Энтони Свифт и Кортни Льюис, два исследователя из канадской программы Совета по защите природных ресурсов, отмечают, что правительственные учреждения в Канаде не проводят различия между первобытным лесом (который никогда не вырубался) и лесом, который был повторно посажен, что составляет критическую ошибку учета в углеродном выражении.

«Северные леса Канады исключительно  уникальны в плане накопления углерода», — говорит Льюис, отмечая, что этот регион, благодаря богатым торфяным почвам, встречающимся только в северных широтах, хранит в два раза больше углерода на гектар, чем Амазонка, . «Поэтому, как только вы начинаете фрагментировать и прокладывать дороги в этом лесу, вы начинаете менять конституцию — с точки зрения климата, вы начинаете выбрасывать много этого древнего углерода в атмосферу, и вы уже не можете вернуть его обратно.”

Кроме того, вновь посаженный лес не обязательно восстанавливается на всей площади, как это предполагают промышленность и правительство. Свифт и Льюис ссылаются на отчет за 2019 год Лиги диких земель, некоммерческой организации из Торонто, которая провела аэрофотосъемку более 35 000 квадратных километров бывших сплошных вырубок в северной части Онтарио. В отчете говорится, что в среднем 14 процентов восстановленных  земель стали «бесплодными» в результате промышленных воздействий, таких как прорубка дорог и захламленность территории. «Это указывает на то, что уровень обезлесения в 50 раз превышает тот, который Онтарио сообщает федеральному правительству, а федеральное правительство сообщает на международном уровне», — говорит Свифт. А это, в свою очередь, ставит под сомнение федеральную статистику, утверждающую, что заново посаженные леса поглощают больше углерода, чем выбрасывают лесозаготовители.

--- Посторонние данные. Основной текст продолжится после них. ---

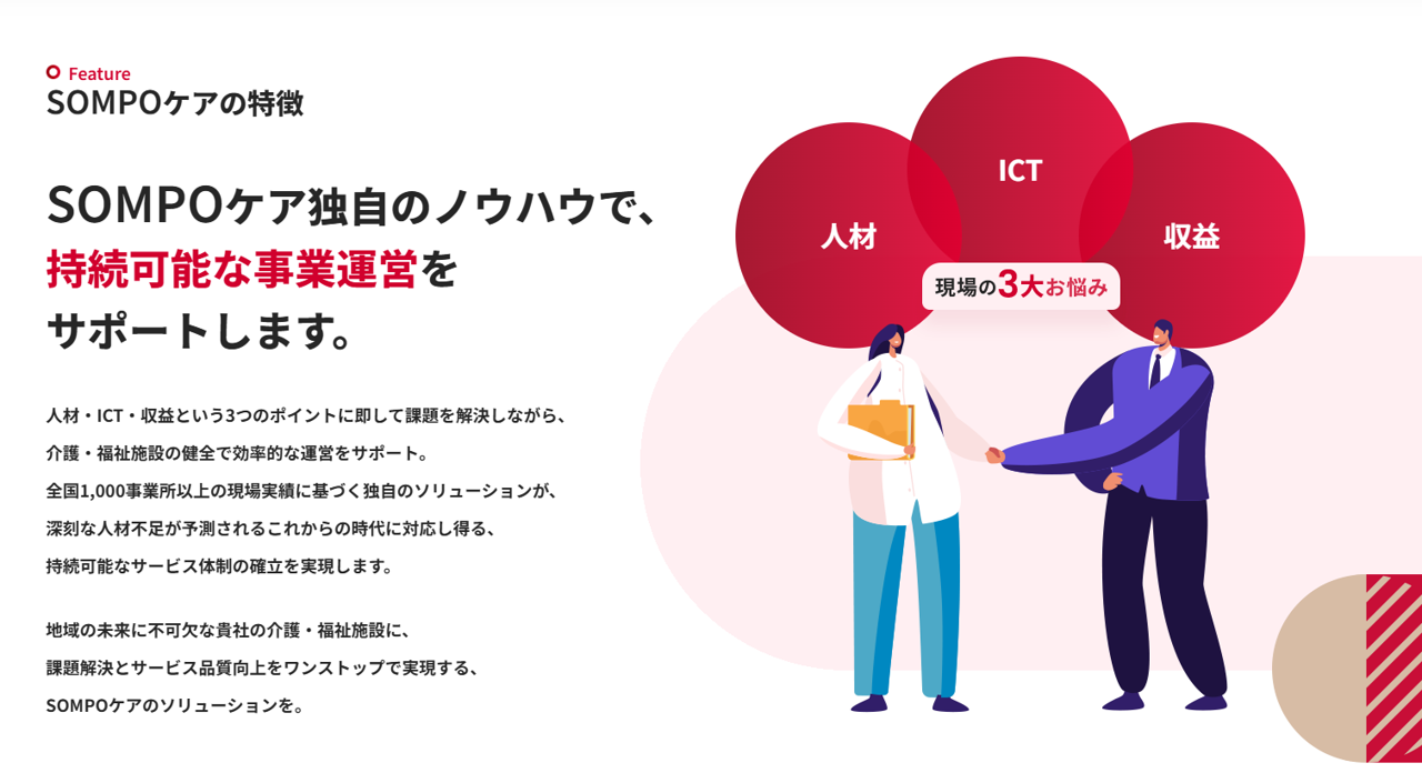 SOMPOケアでは介護を必要としている方以外にも、介護事業者をサポートするためのソリューション事業を展開していることなど……

По словам Льюиса и Свифта, большинство различных сертификационных программ Канады служат для дальнейшего сокрытия истинного масштаба ущерба, нанесенного отрасли. «Компании и правительство широко используют сертификацию в качестве показателя устойчивости», — говорит Льюис, указывая на то, что большинство схем сертификации требуют от компаний только соблюдения закона. «Но проблема не в том, нарушают ли эти компании закон? Есть ли у них политика, которая на самом деле способна защитить критически важные для климата районы и позволить видам выжить?»

Ссылаясь на примеры непрекращающихся лесозаготовок в Британской Колумбии, наряду с сокращением популяций карибу (которые полагаются на среду обитания в первозданном лесу), Льюис и Свифт говорят, что ответом является решительное «нет».

Путешественник любуется деревьями на тропе Золотой ели Хайда-Гвайи. Фото TJ Watt / Альянс древних лесов

С этим согласен профессор лесного хозяйства Кристиан Мессье. По его мнению, сама практика, якобы сохраняющая наши леса нетронутыми — посадка деревьев — резко увеличила их уязвимость к изменению климата. «Мы упрощаем лес», — говорит Мессье, отмечая, что на большинстве вырубленных площадей высаживают всего один или два коммерчески ценных вида, при этом саженцы размещают плотно друг к другу. «Управляемые леса, как правило, менее разнообразны и более однородны на больших площадях». Недаром многие виды владения лесом в этой стране называются «лицензией на выращивание деревьев».

Поскольку это продолжалось десятилетиями, по оценке Мессье, четверть лесов в Канаде, включая большую часть южных бореальных районов и почти всю Британскую Колумбию, были фактически превращены в лесные фермы. Эти густые, упрощенные леса становятся идеальной мишенью для пожаров и нашествия вредителей.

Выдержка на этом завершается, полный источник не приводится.